On parachute speakers, channeling Oprah Winfrey, and a lesson from the Gettysburg Address.


How to start, how to finish

Welcome them warmly, thank them sincerely. The beginning and the end are the frames of a presentation.


Arrive early, stay late
Arrive the night before your presentation, and ask to schedule a dinner with the client.  

Book your departing flight at least four hours after the conclusion of your speech.  

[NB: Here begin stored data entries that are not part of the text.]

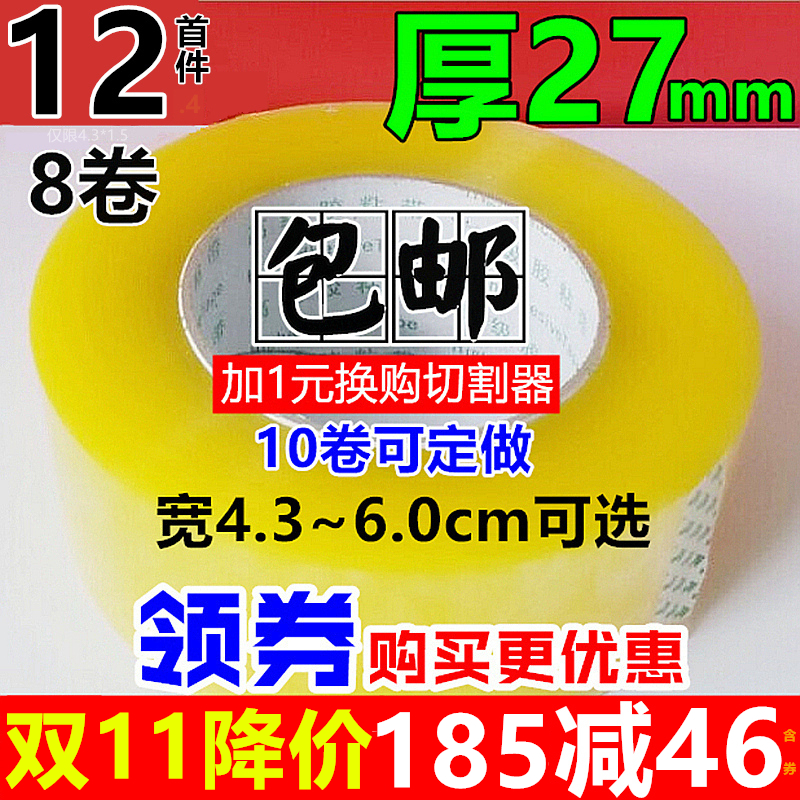宽4.5cm宽6cm壹品骄 透明包装胶带批发米黄打包快递带 胶条快递封口胶纸淘宝胶带批发印字超大卷长300
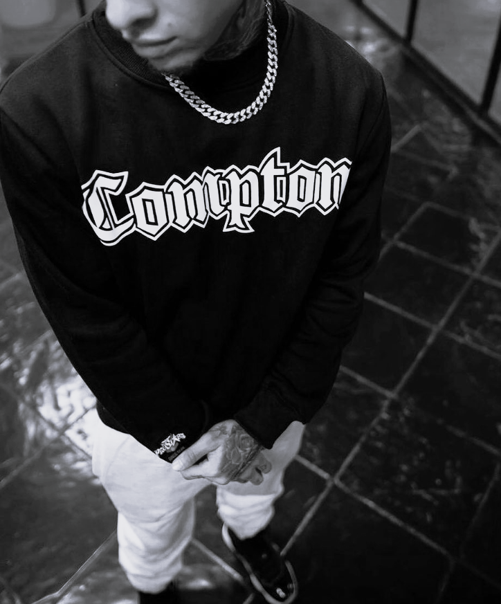 Wearing 'gloomy' pale and heavy black eye make-up & fingernail polish, Victorian/dark fashion (19th century) and a distinctive hairstyle. > goth(ic) subculture.
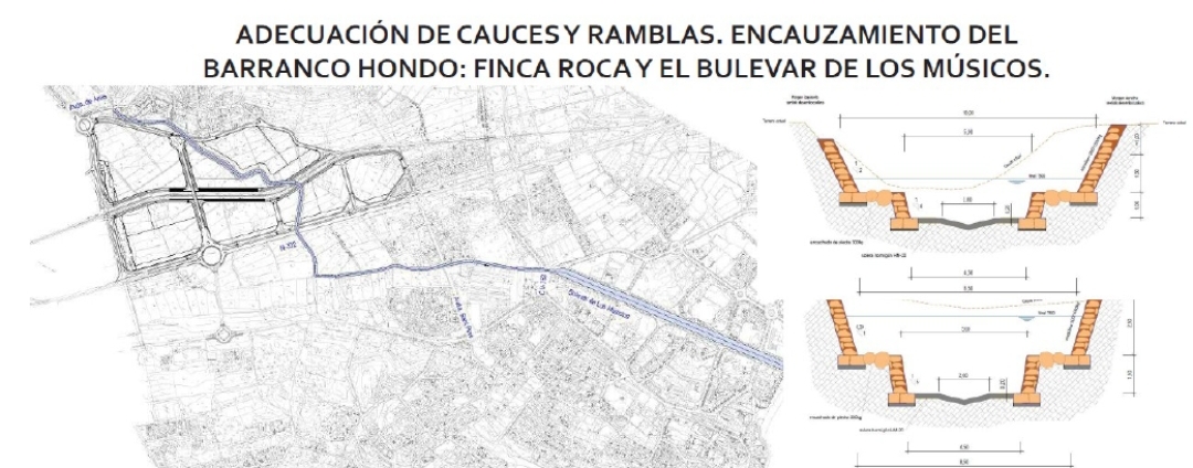 El primero contempla la adecuación de cauces y ramblas, y el encauzamiento del Barranco Hondo entre Finca Roca y el Bulevar de los Músicos, por un total de 961.129,80 euros.

Clients have an expression for speakers who arrive late and leave quickly:
“parachute speakers.”  TBAAAC (To be avoided at all costs.)


Don’t sell; speak
Your audience came for a presentation, not a sales pitch for your services.


Don’t speak; talk
The best speakers don't speak; they converse--with their audiences. 

For good models, study Bill Clinton,
Oprah Winfrey, Ellen DeGeneres, Matt Lauer, Keven Spacey, and Craig Ferguson (CBS's The Late Late Show).

Don’t click
Lincoln didn’t use slides at Gettysburg, nor did John Kennedy ("Ich bin ein Berliner") or Ronald Reagan ("Mr. Gorbachev, tear down this wall!") use them at the Berlin Wall.  

No famous speech used any visual aid--except the speaker.

Great visuals sometimes work.  But how can you be sure your visual is great?  

And is it worth distracting your audience from you?


Create scenes

It’s impossible to watch a play that never changes scenes. (Most stagings of The Iceman Cometh prove this. Stuck there in the middle of row 9, you feel you must goeth.)   

Change your scenes by moving to different spots when you change stories, and set a stage for each story: your office at home, a store, or a plane ride, for examples.

Refreshing your settings refreshes your audience.


Speak with your eyes

An audience feels about a presentation the way they feel about the presenter.  The more you address each person with your eyes, the more comfortable each person will feel.  

Look them in the eyes. Constantly.


Aim high

Commit yourself to a truly extraordinary experience.  Picture what that experience would look and feels like. Keep that image and take it with you.  

Then live it.


Modesty in all things

A watch and a wedding ring and nothing more.  If cuff links, any gold should be subtle.  

Audience members don't want to be impressed.  They want to be helped.


Humor, not jokes
An audience buys you and your heart.  They know any speaker can recite a joke.  They don't want jokes; they want to hear from you, and not from some joke book you read.


Play it straight

Don’t try for laughs, by exaggerating, for example. If your story makes people smile, that's good. If it makes them laugh, even better.  But let them find the humor where you find it, too: in everyday life.


The best humor:

Is a joke you poke at yourself.  It brings you off the stage and into your listener's hearts.


Their names

Learn and memorize people's names.  Write them down on cards, review the cards, and develop mnemonic devices for remembering each name.